Saravanan stated that they are developing modular platforms that can accommodate hybrid powertrains in addition to other fuel options like diesel and CNG. The hybrids provide an intermediate solution to transitioning to electric while using existing fuel infrastructure like diesel or CNG. 

“I do see hybrids in commercial vehicles. We are exploring it in small commercial vehicles; that seems to make sense,” said Saravanan before adding that it should be seen from the perspective of decarbonisation and fuel economy. “The idea is to see if we can bring the cost structure low enough,” he continued.

Saravanan sees both diesel and gasoline hybrid options as possibilities for small commercial vehicles, depending on the application and market segment. “Diesel hybrids we have to see,  or maybe, say, there is an option for gasoline hybrids in pickups or smaller trucks,” he continued.  

Ashok Leyland’s Executive Chairman, Dheeraj Hinduja, previously announced a new multipurpose platform for small trucks within the next two years. Elaborating this further, Sarvanan noted that this platform will be adaptable for various fuel types, including gasoline, CNG, hybrids, and electric vehicles, among others. 

The development should also be seen in the context of an IIT-Kanpur study on the life cycle analysis (LCA) and total cost of ownership (TCO) of a hybrid vehicle vis-à-vis an EV and its ICE counterpart, the GHG emissions for hybrids were found to be lower than those of EVs and ICE vehicles in India. The study — supported by the New Energy and Industrial Technology Development Organisation (NEDO) — also found that the emissions over the vehicle life cycle (presumed at 200,000 km) of a hybrid were 27.5% lower than those of an EV and 28.1% lower than those of an ICE vehicle, from a cradle-to-grave perspective.

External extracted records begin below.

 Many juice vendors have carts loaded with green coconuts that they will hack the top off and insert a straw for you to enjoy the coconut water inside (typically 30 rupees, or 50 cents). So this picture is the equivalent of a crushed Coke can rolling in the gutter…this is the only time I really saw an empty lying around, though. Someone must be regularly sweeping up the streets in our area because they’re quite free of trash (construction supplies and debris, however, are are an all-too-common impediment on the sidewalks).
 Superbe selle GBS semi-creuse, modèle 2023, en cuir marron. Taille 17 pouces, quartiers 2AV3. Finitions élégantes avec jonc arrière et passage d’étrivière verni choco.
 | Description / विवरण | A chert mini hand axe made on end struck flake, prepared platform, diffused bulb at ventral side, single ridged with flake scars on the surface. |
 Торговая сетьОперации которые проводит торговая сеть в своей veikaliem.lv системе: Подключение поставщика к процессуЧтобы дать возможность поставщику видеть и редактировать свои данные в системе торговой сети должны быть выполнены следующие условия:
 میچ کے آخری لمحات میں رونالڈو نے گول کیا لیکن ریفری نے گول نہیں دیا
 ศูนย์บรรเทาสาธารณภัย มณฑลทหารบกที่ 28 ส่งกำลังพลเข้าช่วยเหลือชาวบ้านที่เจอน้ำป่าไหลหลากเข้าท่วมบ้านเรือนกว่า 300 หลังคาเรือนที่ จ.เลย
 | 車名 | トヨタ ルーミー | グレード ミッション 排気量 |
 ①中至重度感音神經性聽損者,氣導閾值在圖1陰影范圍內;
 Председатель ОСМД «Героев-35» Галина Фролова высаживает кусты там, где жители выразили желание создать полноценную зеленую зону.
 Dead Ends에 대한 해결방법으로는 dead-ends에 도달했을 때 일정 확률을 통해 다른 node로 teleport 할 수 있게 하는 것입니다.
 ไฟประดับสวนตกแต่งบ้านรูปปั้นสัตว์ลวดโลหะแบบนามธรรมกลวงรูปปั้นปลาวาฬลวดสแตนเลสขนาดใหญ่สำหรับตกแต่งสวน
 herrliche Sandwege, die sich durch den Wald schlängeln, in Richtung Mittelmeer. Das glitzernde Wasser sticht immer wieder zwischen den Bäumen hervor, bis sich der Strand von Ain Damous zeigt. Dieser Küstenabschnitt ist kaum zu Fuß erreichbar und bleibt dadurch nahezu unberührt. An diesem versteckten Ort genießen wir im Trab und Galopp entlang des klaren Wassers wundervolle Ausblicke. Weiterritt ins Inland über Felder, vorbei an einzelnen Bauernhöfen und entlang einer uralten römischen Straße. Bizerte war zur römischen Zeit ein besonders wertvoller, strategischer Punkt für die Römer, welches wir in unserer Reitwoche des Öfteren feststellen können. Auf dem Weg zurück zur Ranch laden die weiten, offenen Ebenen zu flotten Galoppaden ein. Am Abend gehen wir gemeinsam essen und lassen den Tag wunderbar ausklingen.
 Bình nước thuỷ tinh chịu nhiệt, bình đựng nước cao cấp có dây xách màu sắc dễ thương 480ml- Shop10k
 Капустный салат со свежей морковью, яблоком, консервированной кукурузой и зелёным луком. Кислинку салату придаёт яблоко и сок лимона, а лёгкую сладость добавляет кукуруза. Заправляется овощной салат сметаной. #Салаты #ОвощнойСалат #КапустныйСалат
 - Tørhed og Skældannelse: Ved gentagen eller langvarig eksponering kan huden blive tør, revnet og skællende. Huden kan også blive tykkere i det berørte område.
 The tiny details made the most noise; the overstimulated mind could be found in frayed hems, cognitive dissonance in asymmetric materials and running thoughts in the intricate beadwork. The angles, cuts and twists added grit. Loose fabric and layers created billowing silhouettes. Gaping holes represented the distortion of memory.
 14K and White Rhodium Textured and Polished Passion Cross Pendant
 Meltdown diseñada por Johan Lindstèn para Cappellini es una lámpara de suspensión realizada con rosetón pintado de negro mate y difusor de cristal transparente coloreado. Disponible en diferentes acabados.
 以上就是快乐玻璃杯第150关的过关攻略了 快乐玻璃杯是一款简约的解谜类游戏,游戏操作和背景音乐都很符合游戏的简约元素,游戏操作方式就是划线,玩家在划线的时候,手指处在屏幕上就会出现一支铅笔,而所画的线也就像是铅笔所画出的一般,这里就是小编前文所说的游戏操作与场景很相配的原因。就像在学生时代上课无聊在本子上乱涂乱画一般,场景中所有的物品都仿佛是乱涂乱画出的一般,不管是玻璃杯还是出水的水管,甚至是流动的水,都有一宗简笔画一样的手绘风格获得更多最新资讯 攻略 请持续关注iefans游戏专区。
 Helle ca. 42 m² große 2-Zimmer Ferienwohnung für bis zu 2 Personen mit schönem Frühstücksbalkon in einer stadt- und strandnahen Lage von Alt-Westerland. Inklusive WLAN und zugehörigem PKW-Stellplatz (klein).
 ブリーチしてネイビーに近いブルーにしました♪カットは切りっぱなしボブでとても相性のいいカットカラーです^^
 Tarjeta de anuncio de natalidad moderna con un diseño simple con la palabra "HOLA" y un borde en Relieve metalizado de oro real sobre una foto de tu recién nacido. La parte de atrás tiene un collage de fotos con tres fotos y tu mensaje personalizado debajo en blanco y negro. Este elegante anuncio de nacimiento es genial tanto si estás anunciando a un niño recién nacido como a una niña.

GHG emissions during the manufacturing of the vehicle were found to be the highest for an EV — 41.17% higher than those emitted during the making of a hybrid — whereas those of a hybrid were 14.7% lower than their pure ICE counterpart. While the emissions for ICE vehicles were found to be lower than EVs in this context, they lessened for EVs after a certain distance travelled.

Amidst hectic lobbying by some of the Japanese OEMs, the Indian government, which earlier remained adamant about the adoption of pure EVs, now seems to be softening its stand. The Minister of Road Transport and Highways, Nitin Gadkari,  has urged the finance minister to reduce the goods and service tax on hybrid vehicles to 12 percent, as per media reports. Recently there have been reports that the government is considering a lower tax structure on hybrid vehicles powered by a petrol engine and an electric motor.

India currently levies a goods and service tax (GST) of 28 percent on vehicles powered by internal combustion engines, including hybrids, and 5 percent on electric vehicles. However, with the inclusion of cess, the tax on hybrid vehicles is over 43 percent, depending on the model.

Gadkari said that at present there is a 5 percent GST on electric vehicles and a 48 percent GST on hybrids. That number seems very unfair, as hybrids, although not as clean as EVs, are far better for the environment than purely internal combustion-based vehicles. The Union Minister has said that this number should be reduced to just 12 percent soon as he intends to promote the sale of hybrid and electric vehicles, the report said.